Тарас Шевченко та його доба. Том 1 - Рем Георгійович Симоненко
В понедельник поутру Штернберг получил записку от Даля. Владимир Иванович писал ему, чтобы он в три часа был готов к выезду. Он поехал проститься с своими друзьями, а я принялся укладывать его чемодан. К трем часам мы уже были у Даля, а в четыре мы поцеловались с Штернбергом у Средней рогатки, и я один возвратился в Петербург, чутьчуть не в слезах. Думал было заехать к Йохиму, но мне хотелось уединения и не хотелось ехать к себе на квартиру: я боялся пустоты, которая меня поразит дома.
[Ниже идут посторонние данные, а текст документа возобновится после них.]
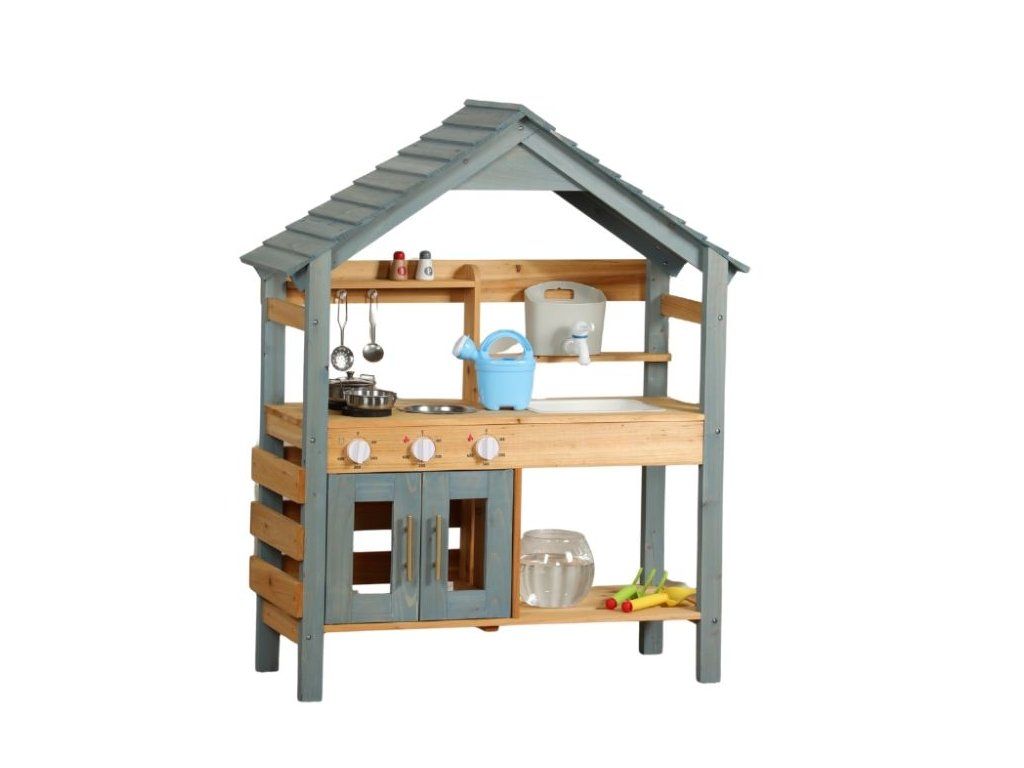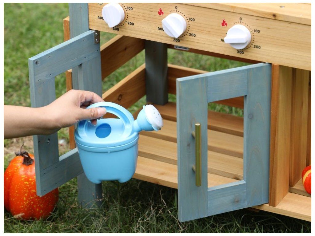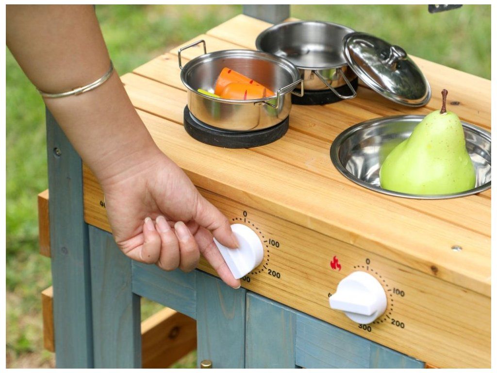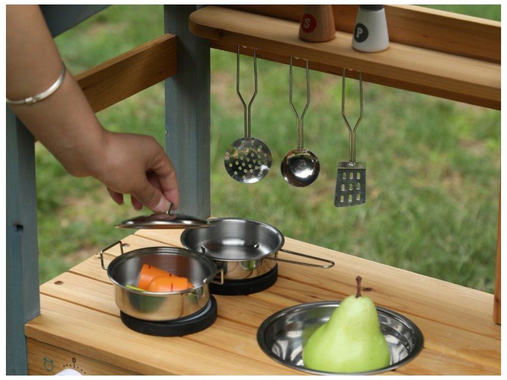 Zábava vonku pre deti Prečo je kuchynka skvelou voľbou Detská vonkajšia kuchynka v podobe domčeka na hranie vytvára pre deti vlastný priestor na hranie a varenie vonku. Konštrukcia z masívneho jedľového dreva zaručuje stabilitu, pevnosť a dlhú životnosť aj pri pravidelnom používaní v exteriéri. Poskytuje bezpečný základ na každodenné hry v záhrade, na terase alebo na dvore. Dve varné platne, skrinka, ktorá slúži ako rúra, drez s nádobou na vodu a bohaté príslušenstvo umožňujú realistickú hru na kuchára. Kvalitné materiály a spracovanie Bezpečnosť na prvom mieste Kuchynka je vyrobená z prírodného dreva, ktoré je nielen ekologické, ale zaručuje aj odolnosť a dlhú životnosť. Každý detail je starostlivo vyrobený tak, aby spĺňal prísne bezpečnostné normy. Drevo je hladko obrúsené a ošetrené, aby sa zabránilo vzniku nežiaducich triesok. Kuchynka je navrhnutá tak, aby bola stabilná a bezpečná aj počas intenzívnej hry, čo rodičom poskytuje pokoj a istotu. Rozvíja zručnosti a predstavivosť Vonkajšia kuchynka prirodzene spája hru a učenie. Deti si pri manipulácii s náčiním precvičujú jemnú a hrubú motoriku, učia sa samostatnosti a pri spoločnej hre rozvíjajú komunikáciu a spoluprácu. Kuchynka tiež podporuje predstavivosť - deti môžu ľahko prevziať úlohu kuchára, pripravovať jedlá pre rodinu a priateľov a vytvárať vlastné scenáre hry, čím sa posilňuje kreativita a sociálne zručnosti. Rozvíjajú si predstavivosť, motorické zručnosti a samostatnosť a dokážu sa zabaviť na dlhý čas bez potreby ďalších hračiek. Technické parametre Podrobné špecifikácie Rozmery 105 x 31 x 88 cm Rozmery balenia 20 x 36,7 x 88 cm Hmotnosť 9 kg Hmotnosť balenia 10 kg Materiál Masívne jedľové drevo, MDF Certifikáty EN71-1,2,3, CE Odporúčaný vek od 3 rokov, 36m+ Výhody produktu Prečo si vybrať túto kuchynku Masívne drevo zaručuje stabilitu, odolnosť a dlhú životnosť pri vonkajšom používaní, takže kuchynka vydrží každodennú hru detí. Bohaté vybavenie podporuje prirodzené hranie rolí, pri ktorom si deti rozvíjajú kreativitu, samostatnosť a jemnú motoriku. Realistická hra navyše deti zabaví dlhšie ako bežné hračky - varia, napodobňujú dospelých a prirodzene sa učia spolupráci a praktickým zručnostiam. Výhody výrobku Ekologický materiál Prírodné drevo je ekologické a odolné, čo zaručuje dlhú životnosť a bezpečnú hru. Podporuje kreativitu Kuchynka rozvíja detskú predstavivosť a kreativitu pri príprave imaginárnych jedál. Zábava vonku Ideálna do záhrady alebo na terasu, kde sa deti môžu hrať a učiť vonku. Rozvoj motoriky Hračka pomáha rozvíjať jemnú a hrubú motoriku, ktorá je pre vývoj detí kľúčová. Bezpečný dizajn Hladko obrúsené hrany a stabilná konštrukcia poskytujú deťom bezpečné prostredie. My v spoločnosti ELIS DESIGN sme sami rodičia detí rôzneho veku a záleží nám na tom, s čím sa hrajú. Preto pre vaše deti vytvárame a vyberáme aj zmysluplné hračky z kvalitných, najlepšie prírodných materiálov inšpirovaných metódou Montessori, ktoré nielen zabávajú, ale aj rozvíjajú. Je kuchynka vhodná na používanie vonku? Áno, kuchynka je navrhnutá špeciálne na vonkajšie použitie v záhrade alebo na terase. Odporúčame ju však udržiavať v suchu, aby sa predĺžila jej životnosť. Z akého materiálu je kuchynka vyrobená? Kuchynka je vyrobená z kvalitného prírodného dreva, ktoré je ekologické a odolné. Je kuchynka bezpečná pre malé deti? Áno, kuchynka má hladko obrúsené hrany a stabilnú konštrukciu na bezpečnú hru pre deti od 3 rokov. Podporuje kuchynka rozvoj zručností? Áno, rozvíja jemnú a hrubú motoriku a podporuje detskú tvorivosť a predstavivosť. Viac o produktoch eliNeli https://www.elineli.eu/cz/

Отпустив у заставы извозчика, я пошел пешком. Пространство, пройденное мною, не утомило меня, как я этого ожидал, и я долго еще [ходил] по набережной против Академии. В квартире Карла Павловича светился огонь; огонь вскоре погас, и через минуту вышел он с женою на набережную. Я, чтобы не встретиться с ними, ушел к себе и, не зажигая огня, разделся и лег в постель.
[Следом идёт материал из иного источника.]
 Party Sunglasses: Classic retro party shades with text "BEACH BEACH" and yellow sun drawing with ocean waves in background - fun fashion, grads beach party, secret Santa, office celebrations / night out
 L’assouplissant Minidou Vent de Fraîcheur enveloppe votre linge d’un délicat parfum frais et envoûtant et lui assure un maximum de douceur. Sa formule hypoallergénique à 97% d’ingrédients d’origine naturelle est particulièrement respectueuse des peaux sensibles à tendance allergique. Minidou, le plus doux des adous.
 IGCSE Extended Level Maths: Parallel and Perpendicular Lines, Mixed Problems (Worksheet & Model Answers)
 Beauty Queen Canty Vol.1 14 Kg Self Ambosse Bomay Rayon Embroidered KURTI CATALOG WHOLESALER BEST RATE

Я теперь почти не бываю дома: скука и пустота без Штернберга. Михайлов опять поселился со мною и по-прежнему не сидит дома. Он тоже где-то познакомился с мичманом Оболонским, вероятно у Элькана. Он часто приходит ночью, и если Михайлова нету дома, то он ложится спать на его постели. Юноша этот мне начинает менее нравиться, чем прежде: или он действительно однообразен, или это мне так кажется, потому что я сам теперь на себя не похож. И в самом деле, классы посещаю по-прежнему исправно, но работаю вяло. Карл Павлович это заметил; мне это досадно, и я не знаю, как исправиться. Эмилия Карловна со мною по-прежнему любезна и по-прежнему играет со мною в гальбе-цвельф. Вскоре после уезда Штернберга он велел мне приготовить карандаши и бумагу. Он хочет нарисовать 12 головок с жены своей в разных поворотах для предполагаемой картины из баллады Жуковского «12 спящих дев». Бумага и карандаши лежат, однако ж, без всякого употребления.
Это было в конце февраля; я по обыкновению обедал у них. В этот роковой день она мне показалась особенно очаровательною; за обедом потчевала меня вином и была так любезна, что когда пробило пять часов, то я готов был забыть про класс, однако ж она сама мне про него напомнила. Делать было нечего, я встал из-за стола и ушел не прощаясь, обещаяся зайти из класса и непременно обыграть ее в гальбе-цвельф.
Классы кончились. Захожу я по обещанию к ним, меня в дверях встречает Лукьян и говорит, что барин никого принимать не приказали. Я немало удивился такому превращению и пошел к себе на квартиру. Против обыкновения застал я дома Михайлова и удалого мичмана. Вечер пролетел у нас в веселой болтовне. Часу в двенадцатом они пошли ужинать, а я лег спать.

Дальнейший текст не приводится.